_Provided material_
--- START ---

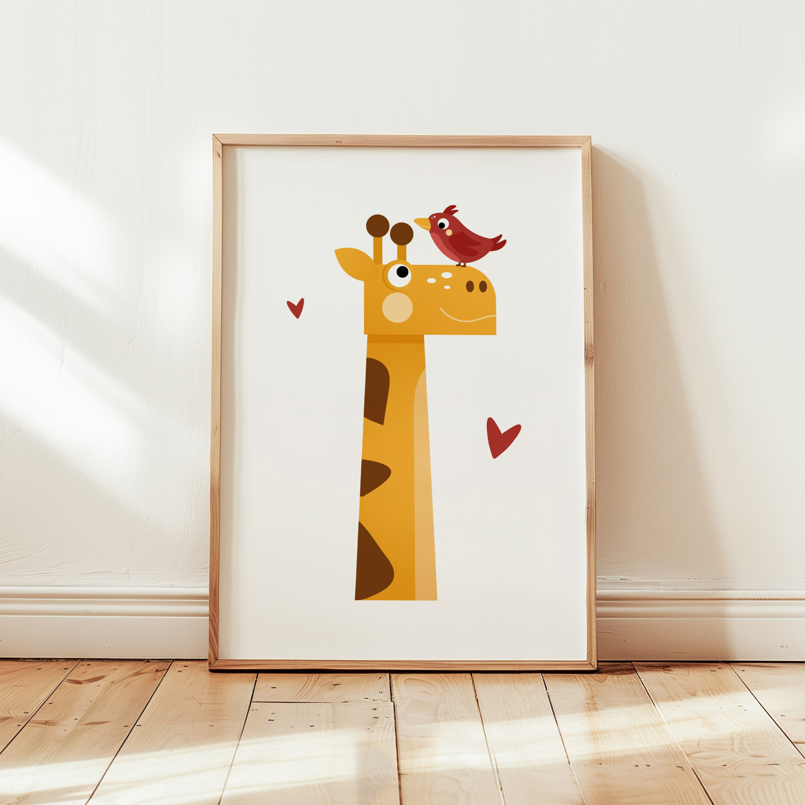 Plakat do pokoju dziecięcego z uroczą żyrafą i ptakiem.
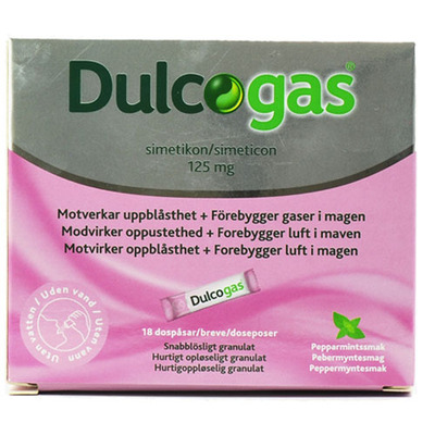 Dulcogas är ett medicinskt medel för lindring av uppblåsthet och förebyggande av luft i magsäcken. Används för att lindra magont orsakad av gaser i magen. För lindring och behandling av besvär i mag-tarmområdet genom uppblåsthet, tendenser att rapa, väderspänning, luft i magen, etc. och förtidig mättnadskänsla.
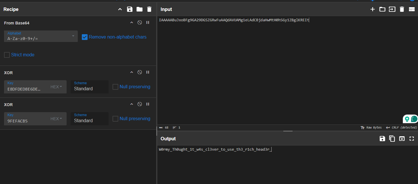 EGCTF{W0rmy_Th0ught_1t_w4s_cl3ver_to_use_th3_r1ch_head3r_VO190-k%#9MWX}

--- END ---

_What is needed_
Without the pictures, write out all of the material exactly.

_Output_
 Plakat do pokoju dziecięcego z uroczą żyrafą i ptakiem.
 Dulcogas är ett medicinskt medel för lindring av uppblåsthet och förebyggande av luft i magsäcken. Används för att lindra magont orsakad av gaser i magen. För lindring och behandling av besvär i mag-tarmområdet genom uppblåsthet, tendenser att rapa, väderspänning, luft i magen, etc. och förtidig mättnadskänsla.
 EGCTF{W0rmy_Th0ught_1t_w4s_cl3ver_to_use_th3_r1ch_head3r_VO190-k%#9MWX}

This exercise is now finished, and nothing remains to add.